Secondly, we are using Tiger Myrtle for the fretboard, which is only a medium-hard timber (harder than mahogany, walnut, Blackwood, or European Maple, softer than Rock Maple, rosewood or ebony). So fretboard wear is a possibility given moderate to heavy use, so there seems little point in going for (say) stainless frets.
On balance, I'm thinking EVO Gold, but welcome your thoughts.
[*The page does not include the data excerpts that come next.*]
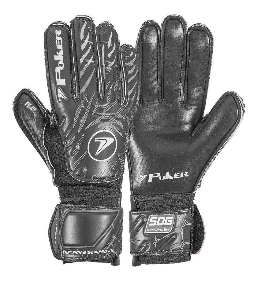 Luva Poker Semi Profissional para Futebol de Campo Multiterreno Champion 8 Junior - Tamanho 05 - Cor Preta
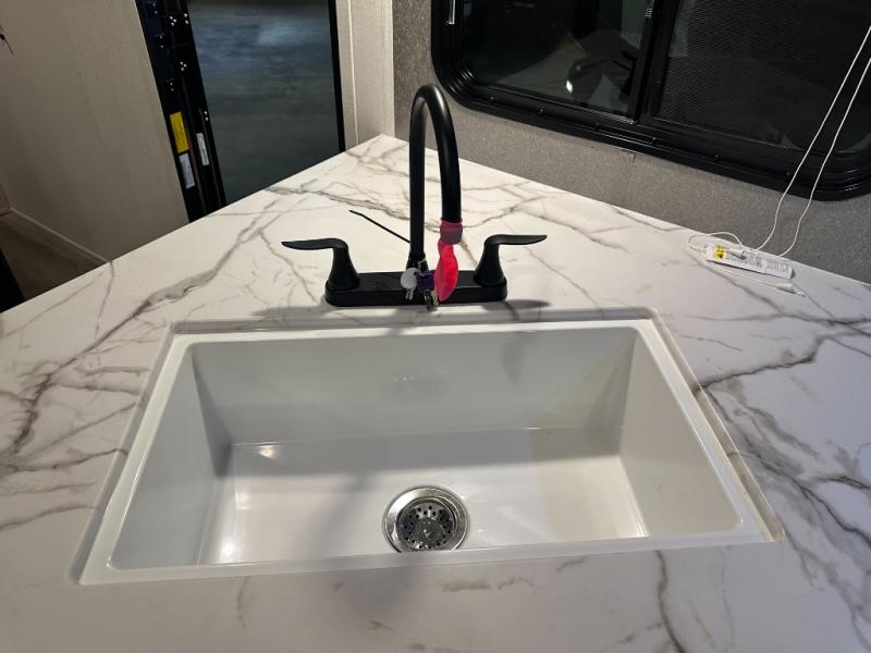 In any Shasta i-5 Edition travel trailer, you will find quality craftsmanship along with an affordable price tag. These units each feature four stabilizer jacks to make setting up easier and an enclosed underbelly for added protection as you travel. The Base Camp Package provides each unit with black tank flush, a monitor panel for quick access to the functions of your unit, a 13.5K A/C unit, and a tankless water heater for added convenience. Inside, you'll find seamless countertops, sink covers, a portable Bluetooth speaker, and more comforts!
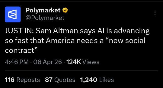 A social contract is a way of slowing down the inevitable acceleration. Sam Altman is not an accelerationist. He is actually there to ensure AI doesn't reach escape velocity too soon.
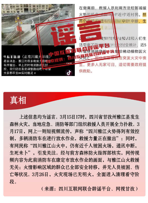 為博流量炮制安全類謠言,引發(fā)恐慌。春季歷來是森林火災高發(fā)時段。加之開春后,工廠企業(yè)復產(chǎn)復工,致災因素明顯增多。3月,全國多地發(fā)生火災事故,一些網(wǎng)民為蹭熱點、博流量,趁機編織謠言,引發(fā)公眾恐慌。3月中旬,四川省甘孜州雅江縣發(fā)生森林火災,在當?shù)貞?、消防等部門組織救援人員全力撲救之際,卻有人編造“四川雅江山火救援力量正在撤出”“雅江仍有近千人被困火場”“雅江山火有三名撲火人員犧牲”等失實信息,嚴重干擾災害應急響應和救援工作。“重慶南坪商業(yè)大樓火災傷亡慘重”“湖南省長沙市天心區(qū)發(fā)生重大刑案,警方發(fā)布懸賞通告”“天津一銀行發(fā)生搶劫”等嚴重失實的涉公共安全類視頻流傳網(wǎng)絡,或是造謠者自編自導,或是利用AI技術偽造,卻引發(fā)群眾恐慌、造成惡劣影響。此外,“綠得發(fā)黑的菠菜不能吃”“清明蔗、毒過蛇”等食品安全類謠言,則是利用了時令和人們對食物中毒的擔憂情緒,夸大其詞、危言聳聽,目的都是販賣焦慮、制造恐慌,進而吸引眼球、騙取流量。
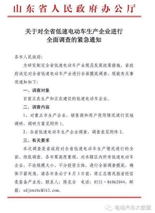 山东省人民政府办公厅7月27日下发了《关于对全省低速电动车生产企业进行全面调查的紧急通知》。
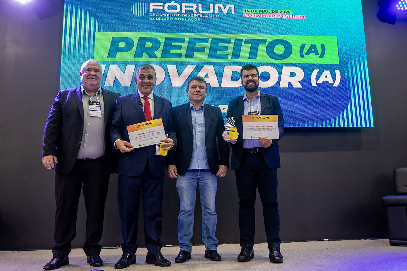 Com diversas políticas públicas voltadas para soluções inovadoras, o chefe do Executivo de Macaé, Welberth Rezende, recebeu nesta quinta-feira (15) a homenagem “Prefeito Inovador 2025”, da Rede Cidade Digital (RCD) em parceria com a Prefeitura Municipal de Casimiro de Abreu. A entrega aconteceu durante o Fórum de Cidades Digitais e Inteligentes da Região dos Lagos. O reconhecimento foi pelo desenvolvimento da ferramenta de integração ao e-Social, criada pela equipe da Secretaria Municipal de Gestão de Pessoas.

(The pictures are from a couple of months ago. He's done the headstock now - using Musk Daisy burl instead of the Huon Pine we were going to use, see some samples here
http://www.distinctivetimbers.com.au/products/musk/tasmanian_musk.htm - and fitted the arm rest. I'm not sure why it's easier to make and bind the top and then cut an arm rest later but that's the way he choose to do it. I'm sure there is some logic to that.)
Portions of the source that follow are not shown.